The module cudf_polars.experimental.explain contains functions for dumping
the query for a given LazyFrame.
cudf_polars.experimental.explain.serialize_query can be used to output
the query plan in a structured format.
>>> import dataclasses
>>> import polars as pl
>>> from cudf_polars.experimental.explain import serialize_query
>>> q = pl.LazyFrame({"a": ['a', 'b', 'a'], "b": [1, 2, 3]}).group_by("a").agg(pl.len())
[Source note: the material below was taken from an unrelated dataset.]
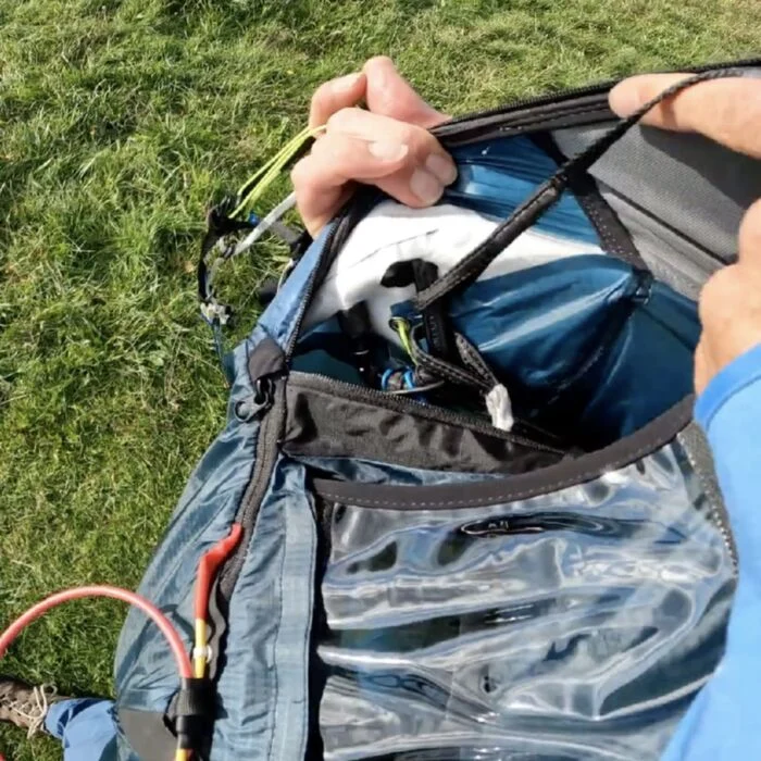 To settle into the harness after take-off, all you have to do is insert your legs into the cocoon and extend them, so that Zipper closes automatically by magnetic force alone. Once closed, the seal is Warranty and the envelope inflates thanks to the relative wind.

>>> dataclasses.asdict(serialize_query(q, engine=pl.GPUEngine()))
{'roots': ['526964741'],
'nodes': {'526964741': {'id': '526964741',
'children': ['1694929589'],
'schema': {'a': 'STRING', 'len': 'UINT32'},
'properties': {'columns': ['a', 'len']},
'type': 'Select'},
'1694929589': {'id': '1694929589',
'children': ['2632275007'],
'schema': {'a': 'STRING', '___0': 'UINT32'},
'properties': {'keys': ['a']},
'type': 'GroupBy'},
'2632275007': {'id': '2632275007',
'children': [],
'schema': {'a': 'STRING'},
'properties': {},
'type': 'DataFrameScan'}},
'partition_info': {'526964741': {'count': 1, 'partitioned_on': ()},
'1694929589': {'count': 1, 'partitioned_on': ()},
'2632275007': {'count': 1, 'partitioned_on': ()}}}
The structured schema has three top-level fields:
roots: the integer ID for the "root" (final) nodes in the query planpartition_info: partitioning information at each stage of the querynodes: A mapping from integer node id to node details. Each node ID
that appears in the output will be present in this mapping.
Inspect children to understand which nodes this node depends on.Note that all integers are stored as strings to make round-tripping to JSON easier.